| Material provided |
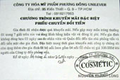 Thời gian qua, báo chí đã nhiều lần lên tiếng về các "chiêu" lừa đảo khuyến mãi, cụ thể là tặng hàng kém giá trị nhưng buộc bốc thăm trúng thưởng. Nếu người mua trúng (mà chắc chắn là trúng) thì được tặng quà (những món đồ rất rẻ) nhưng phải mua hàng với giá cắt cổ. Có lẽ cách làm ăn này không còn hiệu quả nữa nên các tay bịp bợm đã biến đổi chiêu thức mới mà người tiêu dùng rất dễ sập bẫy. Xin ví dụ một trường hợp sau: sản phẩm mà chúng mang ra dụ người tiêu dùng là hàng của Unilever (chẳng hạn như xà bông Omo, dầu gội đầu của chính hãng). Sau khi nhận hàng, chúng yêu cầu người mua mở ra để xem có trúng thưởng không? Bên trong sẽ có hai tờ giấy (Xem hình). Bên trên ghi là Công ty Hóa mỹ phẩm Phương Đông Unilever, có số điện thoại di động, địa chỉ ở TP. Hồ Chí Minh, có dấu đỏ nhưng không có chữ ký. Nội dung là Công ty Unilever tặng quà khuyến mãi là đồng hồ (của các hãng danh tiếng như ESSence, Rolex, Rado, Omega) cho khách hàng may mắn. Nếu nhận quà thì sau 3 ngày sẽ có người của công ty đến phỏng vấn và đổi tiền mặt cho gia đình và tặng thêm bộ nồi Inox trị giá 500.000 đồng. Lệ phí phải nộp là 270.000 đồng. Chiêu thức đơn giản nhưng đã đánh lừa rất nhiều người cả tin vì đã đánh trúng tâm lý của người tiêu dùng. Thứ nhất, chúng dùng hàng thật là các sản phẩm chính hãng để người mua tin tưởng, sau đó chúng tặng quà là đồng hồ của các hãng danh tiếng "làm mồi" làm người mua có tâm lý giá trị của các món hàng đó còn cao hơn số tiền mình bỏ ra, hơn nữa lại được tặng 500.000 đồng nên sụp bẫy, vì thực chất đồng hồ là đồ dỏm (chỉ có vỏ ngoài), còn bộ nồi Inox thì chẳng bao giờ được thấy vì chúng đã cao chạy xa bay. Mặt khác, nếu có ai nghi ngờ mà gọi vào số di động trên phiếu (gặp đồng bọn của chúng) thì càng thêm tin tưởng.
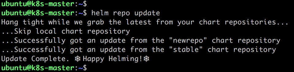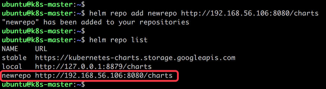 仓库命名为newrepo,Helm 会从仓库下载 index.yaml。 -
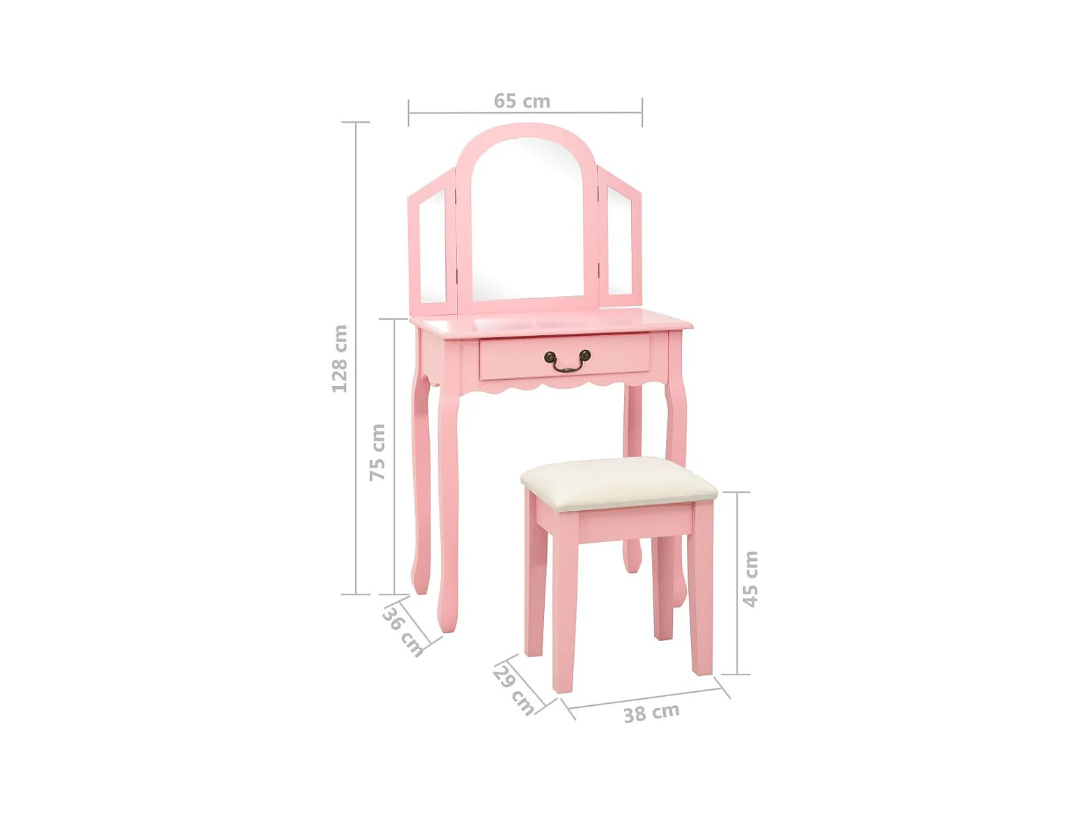 Schminktisch mit Hocker Rosa 65x36x128 cm Paulownia-Holz MDF
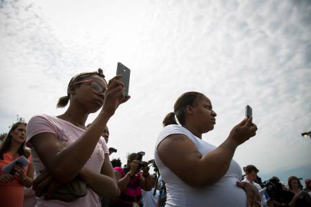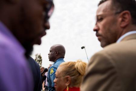 Members of the community listen to Missouri Governor Jay Nixon (not seen) as he addresses the media following an announcement that officer Darren Wilson had been involved in the shooting of teen, Michael Brown, in Ferguson, Missouri August 15, 2014. Police named Wilson as the officer who shot and killed unarmed black teenager Brown in Ferguson, Missouri, and said the youth was the key suspect in a robbery that occurred minutes before the shooting, which sparked days of sometimes violent protests. REUTERS/Lucas Jackson (UNITED STATES - Tags: CIVIL UNREST CRIME LAW)

| Work required |
Quote the data above in full and without alteration; skip the pictures.

| Response for this exercise |
 Thời gian qua, báo chí đã nhiều lần lên tiếng về các "chiêu" lừa đảo khuyến mãi, cụ thể là tặng hàng kém giá trị nhưng buộc bốc thăm trúng thưởng. Nếu người mua trúng (mà chắc chắn là trúng) thì được tặng quà (những món đồ rất rẻ) nhưng phải mua hàng với giá cắt cổ. Có lẽ cách làm ăn này không còn hiệu quả nữa nên các tay bịp bợm đã biến đổi chiêu thức mới mà người tiêu dùng rất dễ sập bẫy. Xin ví dụ một trường hợp sau: sản phẩm mà chúng mang ra dụ người tiêu dùng là hàng của Unilever (chẳng hạn như xà bông Omo, dầu gội đầu của chính hãng). Sau khi nhận hàng, chúng yêu cầu người mua mở ra để xem có trúng thưởng không? Bên trong sẽ có hai tờ giấy (Xem hình). Bên trên ghi là Công ty Hóa mỹ phẩm Phương Đông Unilever, có số điện thoại di động, địa chỉ ở TP. Hồ Chí Minh, có dấu đỏ nhưng không có chữ ký. Nội dung là Công ty Unilever tặng quà khuyến mãi là đồng hồ (của các hãng danh tiếng như ESSence, Rolex, Rado, Omega) cho khách hàng may mắn. Nếu nhận quà thì sau 3 ngày sẽ có người của công ty đến phỏng vấn và đổi tiền mặt cho gia đình và tặng thêm bộ nồi Inox trị giá 500.000 đồng. Lệ phí phải nộp là 270.000 đồng. Chiêu thức đơn giản nhưng đã đánh lừa rất nhiều người cả tin vì đã đánh trúng tâm lý của người tiêu dùng. Thứ nhất, chúng dùng hàng thật là các sản phẩm chính hãng để người mua tin tưởng, sau đó chúng tặng quà là đồng hồ của các hãng danh tiếng "làm mồi" làm người mua có tâm lý giá trị của các món hàng đó còn cao hơn số tiền mình bỏ ra, hơn nữa lại được tặng 500.000 đồng nên sụp bẫy, vì thực chất đồng hồ là đồ dỏm (chỉ có vỏ ngoài), còn bộ nồi Inox thì chẳng bao giờ được thấy vì chúng đã cao chạy xa bay. Mặt khác, nếu có ai nghi ngờ mà gọi vào số di động trên phiếu (gặp đồng bọn của chúng) thì càng thêm tin tưởng.
 仓库命名为newrepo,Helm 会从仓库下载 index.yaml。 -
 Schminktisch mit Hocker Rosa 65x36x128 cm Paulownia-Holz MDF
 Members of the community listen to Missouri Governor Jay Nixon (not seen) as he addresses the media following an announcement that officer Darren Wilson had been involved in the shooting of teen, Michael Brown, in Ferguson, Missouri August 15, 2014. Police named Wilson as the officer who shot and killed unarmed black teenager Brown in Ferguson, Missouri, and said the youth was the key suspect in a robbery that occurred minutes before the shooting, which sparked days of sometimes violent protests. REUTERS/Lucas Jackson (UNITED STATES - Tags: CIVIL UNREST CRIME LAW)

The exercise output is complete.